Engel: Notre Dame Remains Stuck In Neutral Without Clear Fixes
SOUTH BEND, Ind. — The instructions from Virginia Tech assistant coach Kevin Giltner pierced through the otherwise empty Purcell Pavilion air.
“Pressure on the catch!” he barked toward his defense early in Wednesday’s game between the Hokies and Notre Dame.
Virginia Tech’s players obeyed. All night. And for the second time in three weeks, Notre Dame had no counter. The Hokies were a boa constrictor, and Notre Dame their prey. In a 62-51 loss, the Irish led for a mere 19 seconds, averaged .73 points per possession, shot 35.7 percent and had assists on just eight of their 20 field goals. Their performance was a continuation of a Jan. 10 defeat in which the Irish were stifled in the second half.
It was much more, too.
Consecutive loss against a ranked team No. 28. ACC loss No. 6, against two wins. A ninth loss to the ninth KenPom top-50 team on the schedule this year. A deflating loss that underscored the uncomfortable status the program occupies: Stuck in neutral, running in mud and unable to punch above its weight class for three-plus seasons now, with no clear path out.
“I may be running out of buttons,” a defeated Mike Brey said afterward. “We haven’t had any answers.”
The Irish aren’t the ACC’s worst team. Maybe not even bottom-three. But when matched up against its better units, they’re consistently coming up short. On made shots, stops, overall athleticism. And as Brey mentioned again, short on relative toughness. Asked what has made Virginia Tech (12-3, 6-2 ACC) so tough for Notre Dame to crack, Brey blinked and rested his head on his left fist, offering a defeated admission.
“They’re tougher,” he said. “They have tougher guys. I love my guys. But they’re really tough and physical defensively. It’s exhausting playing against and wears you out.
“We tried everything offensively to help our group. I couldn’t help them at all.”
Notre Dame trailed by only nine at halftime, but it never felt like the Irish had a punch powerful enough to threaten. They were stuffed inside straightjackets. The ball rarely swung side to side – as it often did in their two-game win streak – to put Virginia Tech into a defensive rotation they could eventually crack. Finding open layups was laborious.
Anytime a Notre Dame player caught a pass on the perimeter, a Virginia Tech defender was in his face. Leading scorer Nate Laszewski took one shot in the first half, once again slowed by the Hokies’ switch-everything defense. Despite frequent matchups with small guards in the paint, Notre Dame couldn’t get him the ball. Point guard Prentiss Hubb scored or assisted on 19 of his team’s 22 first-half points. They came mostly via his own shot creation off the dribble.

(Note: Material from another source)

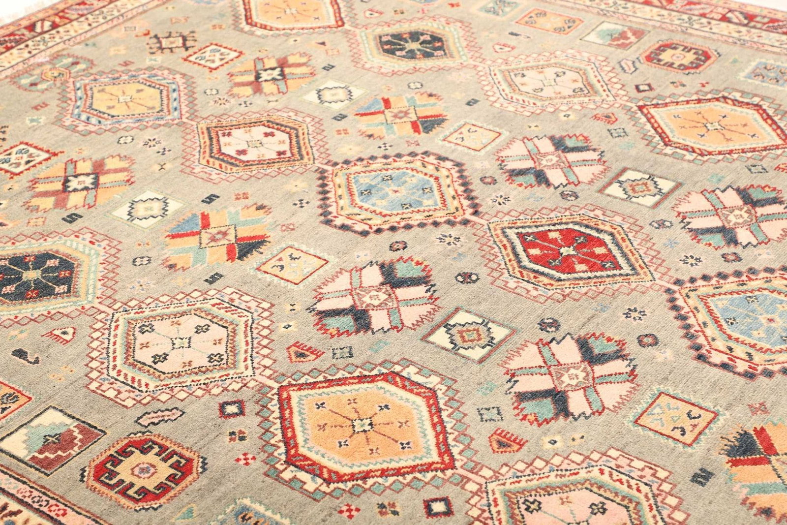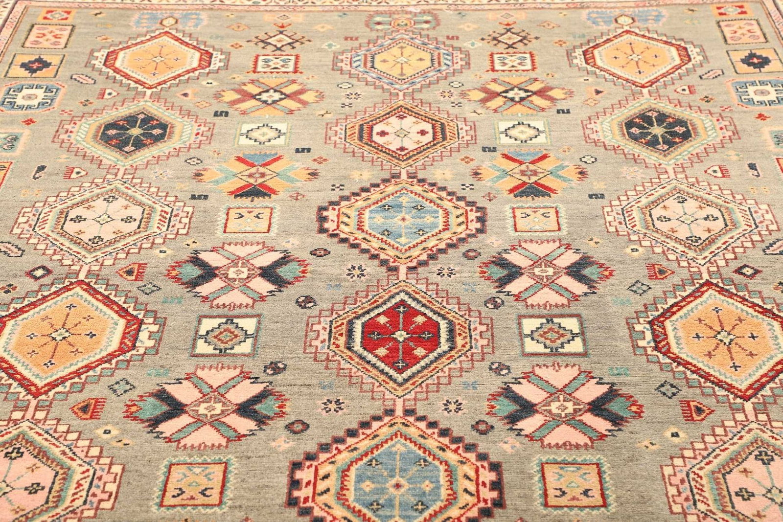 Kazak Teppich – Handgeknüpft, geometrisches Muster, Orientteppich

“They can get up and pressure us,” Hubb said. “We kind of beat ourselves a little bit, not being able to make shots we usually make. But [it’s] their ball pressure and physicality.”
Elsewhere, Notre Dame’s other guards didn’t awaken until the second half, but even then, it wasn’t enough or at the needed efficiency levels to come back. Hubb slowed down too, going 2 of 10 in the second half. When Notre Dame did create a transition opportunity, Virginia Tech often recovered to snuff it out. Hubb and backcourt mate Trey Wertz each had a fast-break layup blocked in the second half. Hubb also had a transition three-pointer rejected.
“What was demoralizing, we had a couple layups where we beat a guy, and some of the recovery blocks they made” Brey said. “That’s a whole ‘nother level. Whole ‘nother level.”
In breaking it all down, Brey juggled his disappointment of the loss and envy of Virginia Tech’s skill level and identity. Seeing the same thing play out over and over ought to evoke not only lamentations, but jealousy of foes with identities, with the ability to dictate an opposing offense or defense, with reliable go-to options or tactics.
“Anytime you had any bit of life, boy, did they make a play at your throat,” Brey said, some marvel in his tone. “Assassins. This Virginia Tech group, they’re assassins.”
Notre Dame’s place as target practice is a script that’s too familiar and predictable. Any time it tries to push upward, the needed oomph is lacking. When asked how to break through, Hubb offered nine fast words.
“We just have to play hard and make shots,” he said.
On that, Hubb is correct. But it’s the continued inability to do so– mainly the shot-making – against top teams that has put Notre Dame in its current residence in purgatory. The door out is still locked and sealed as firmly as it has been since sometime in 2018.
How to find the key and break out, even for one measly evening, remains a confounding problem on which Brey admits he and the program are stumped. He has tried most everything in recent weeks, from benching the starters to intense defensive drills in practice. It didn’t move the needle in this type of game. What will?
“I don’t know,” Brey said. “That’s a great question. We’ve not really been able to do that. I don’t know. That has frustrated all of us, our players included, that we haven’t been able the last two years to get anybody above us. It’s kind of where we are. We’re kind of pigeon-holed in this league right now.”